Employing the output of (2), which consisted in a series of highlighted changes for each abstract pair, 4 coauthors independently annotated each abstract, based on a predefined set of labels and guidelines (Table 1, S2 Method). Each annotation contained information about the section of the abstract, the type of change that had occurred, and the degree to which this change impacted the overall message of the abstract. Changes (such as formatting, stylistic edits, or text rearrangements) without meaningful impact on the conclusions were not annotated. For convenience, we used Microsoft Word’s merge documents feature to aggregate annotations into a single document. We then manually categorised each abstract based on its highest degree of annotation: “no change” containing no annotations, “strengthening/softening, minor” containing only 1, 1−, or 1+, or “major conclusions change” containing either a 2 or a 3, since only a single abstract contained a 3. See S2 and S3 Tables for a list of representative annotations for each type and all annotations that resulted in major conclusions change. The final set of annotations was produced by one of the authors (MP), who assigned each final label by taking into account the majority position across annotators, their related comments, and consistency with the guidelines.

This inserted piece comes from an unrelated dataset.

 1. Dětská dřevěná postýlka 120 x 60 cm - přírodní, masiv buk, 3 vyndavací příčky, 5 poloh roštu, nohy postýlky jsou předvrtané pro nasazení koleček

Altmetrics, citation, and comment data
Counts of altmetric indicators (mentions in tweets) were retrieved via Altmetric (https://www.altmetric.com), a service that monitors and aggregates mentions to scientific articles on various online platforms. Altmetric provide a free API (https://api.altmetric.com) against which we queried each preprint DOI in our analysis set. Importantly, Altmetric only contains records where an article has been mentioned in at least 1 of the sources tracked; thus, if our query returned an invalid response, we recorded counts for all indicators as 0. Coverage of each indicator (i.e., the proportion of preprints receiving at least a single mention in a particular source) for preprints were 99.1%, 9.6%, and 3.5% for mentions in tweets, blogs, and news articles, respectively. The high coverage on Twitter is likely driven, at least in part, by automated tweeting of preprints by the official bioRxiv and medRxiv Twitter accounts. For COVID-19 preprints, coverage was found to be 100.0%, 16.6%, and 26.9% for mentions in tweets, blogs, and news articles, respectively.

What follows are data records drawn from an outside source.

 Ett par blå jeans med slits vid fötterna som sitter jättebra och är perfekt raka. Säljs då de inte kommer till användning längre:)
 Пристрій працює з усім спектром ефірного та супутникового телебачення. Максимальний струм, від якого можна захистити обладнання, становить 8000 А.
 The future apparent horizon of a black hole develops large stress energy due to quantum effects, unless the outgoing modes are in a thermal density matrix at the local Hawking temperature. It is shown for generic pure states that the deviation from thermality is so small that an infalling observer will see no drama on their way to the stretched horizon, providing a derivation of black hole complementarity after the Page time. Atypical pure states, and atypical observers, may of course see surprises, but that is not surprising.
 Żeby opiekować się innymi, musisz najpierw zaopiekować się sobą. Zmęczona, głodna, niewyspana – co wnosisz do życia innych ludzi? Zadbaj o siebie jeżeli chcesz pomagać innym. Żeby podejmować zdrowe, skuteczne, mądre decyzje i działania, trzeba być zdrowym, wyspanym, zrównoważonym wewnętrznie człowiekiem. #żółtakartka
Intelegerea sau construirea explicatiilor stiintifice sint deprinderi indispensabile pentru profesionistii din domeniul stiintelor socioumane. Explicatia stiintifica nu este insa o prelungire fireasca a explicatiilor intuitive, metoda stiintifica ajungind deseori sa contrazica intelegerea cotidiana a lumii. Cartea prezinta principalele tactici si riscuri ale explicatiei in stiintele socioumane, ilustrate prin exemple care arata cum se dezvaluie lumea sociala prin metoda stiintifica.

Citations counts for each preprint were retrieved from the scholarly indexing database Dimensions (https://dimensions.ai). An advantage of using Dimensions in comparison to more traditional citation databases (e.g., Scopus and Web of Science) is that Dimensions also includes preprints from several sources within their database (including from bioRxiv and medRxiv), as well as their respective citation counts. When a preprint was not found, we recorded its citation counts as 0. Of all preprints, 3,707 (14.3%) recorded at least a single citation in Dimensions. For COVID-19 preprints, 774 preprints (30.6%) recorded at least a single citation.

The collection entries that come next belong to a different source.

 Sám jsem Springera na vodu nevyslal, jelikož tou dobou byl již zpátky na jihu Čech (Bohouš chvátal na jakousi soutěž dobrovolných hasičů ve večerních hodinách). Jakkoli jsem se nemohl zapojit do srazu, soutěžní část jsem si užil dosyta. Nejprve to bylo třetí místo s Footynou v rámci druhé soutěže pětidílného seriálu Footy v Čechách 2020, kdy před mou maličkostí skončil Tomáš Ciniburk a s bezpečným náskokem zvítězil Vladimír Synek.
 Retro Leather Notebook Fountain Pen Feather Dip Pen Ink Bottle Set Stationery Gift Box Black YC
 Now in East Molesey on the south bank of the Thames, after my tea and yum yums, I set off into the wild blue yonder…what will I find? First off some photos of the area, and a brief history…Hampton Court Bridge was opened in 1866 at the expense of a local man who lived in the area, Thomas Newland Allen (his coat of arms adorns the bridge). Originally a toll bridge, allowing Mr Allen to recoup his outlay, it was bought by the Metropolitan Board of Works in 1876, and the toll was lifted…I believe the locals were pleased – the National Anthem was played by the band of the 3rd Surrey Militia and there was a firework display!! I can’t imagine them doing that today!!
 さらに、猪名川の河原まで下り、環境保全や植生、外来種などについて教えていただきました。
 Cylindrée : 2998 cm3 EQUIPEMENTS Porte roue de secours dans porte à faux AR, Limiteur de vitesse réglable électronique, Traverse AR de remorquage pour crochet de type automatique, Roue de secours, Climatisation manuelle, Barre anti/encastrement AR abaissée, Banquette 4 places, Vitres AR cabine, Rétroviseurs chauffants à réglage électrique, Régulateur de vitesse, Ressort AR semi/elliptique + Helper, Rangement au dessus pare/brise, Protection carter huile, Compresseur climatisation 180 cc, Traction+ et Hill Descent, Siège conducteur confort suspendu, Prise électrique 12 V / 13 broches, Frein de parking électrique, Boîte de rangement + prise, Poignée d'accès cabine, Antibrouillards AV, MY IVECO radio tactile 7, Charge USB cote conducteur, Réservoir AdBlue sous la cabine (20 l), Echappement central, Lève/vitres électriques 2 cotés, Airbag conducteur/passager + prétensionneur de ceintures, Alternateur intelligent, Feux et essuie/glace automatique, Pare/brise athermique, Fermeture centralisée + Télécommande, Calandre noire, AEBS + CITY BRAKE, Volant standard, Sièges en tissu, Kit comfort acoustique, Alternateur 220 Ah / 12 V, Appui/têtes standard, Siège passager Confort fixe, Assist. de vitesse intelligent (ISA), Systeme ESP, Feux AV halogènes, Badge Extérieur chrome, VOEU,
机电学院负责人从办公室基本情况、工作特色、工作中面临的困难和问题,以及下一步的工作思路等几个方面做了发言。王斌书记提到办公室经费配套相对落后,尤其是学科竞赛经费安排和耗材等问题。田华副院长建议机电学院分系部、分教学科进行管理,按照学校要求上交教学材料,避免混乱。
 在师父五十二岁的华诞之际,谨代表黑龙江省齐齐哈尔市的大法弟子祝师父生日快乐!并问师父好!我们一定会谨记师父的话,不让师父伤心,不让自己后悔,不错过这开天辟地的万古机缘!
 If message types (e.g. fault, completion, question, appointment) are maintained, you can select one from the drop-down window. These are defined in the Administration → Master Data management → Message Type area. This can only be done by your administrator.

bioRxiv and medRxiv html pages feature a Disqus (https://disqus.com) comment platform to allow readers to post text comments. Comment counts for each bioRxiv and medRxiv preprint were retrieved via the Disqus API service (https://disqus.com/api/docs/). Where multiple preprint versions existed, comments were aggregated over all versions. As with preprint perceptions among public audiences on Twitter, we then examined perceptions among academic audiences by examining comment sentiment. Text content of comments for COVID-19 preprints were provided directly by the bioRxiv development team. Sentiment polarity scores were calculated for each comment on the top 10 most-commented preprints using the lexicon and protocol previously described for the analysis of tweet sentiment.
Statistical analyses
Categorical traits of preprints or annotations (e.g., COVID-19 or non-COVID-19; type of change) were compared by calculating contingency tables and using chi-squared tests or Fisher exact tests using Monte Carlo simulation in cases where any expected values were <5. Quantitative preprint traits (e.g., change ratios and citation counts) were correlated with other quantitative traits using Spearman rank tests, homogeneity of variance tested for using Fligner–Killeen tests, and differences tested for using Mann–Whitney tests or Kruskal–Wallis for 2-group and more than 2-group comparisons, respectively. All univariate tests were interpreted using a significance level of 0.05, except for pairwise post hoc group comparisons, which were tested using Dunn test adjusting significance levels for multiple testing using Bonferroni correction. Benchmarked statistical power calculations suggested our sample size of n = 184 to detect medium effects with power >0.98 (S1 Appendix).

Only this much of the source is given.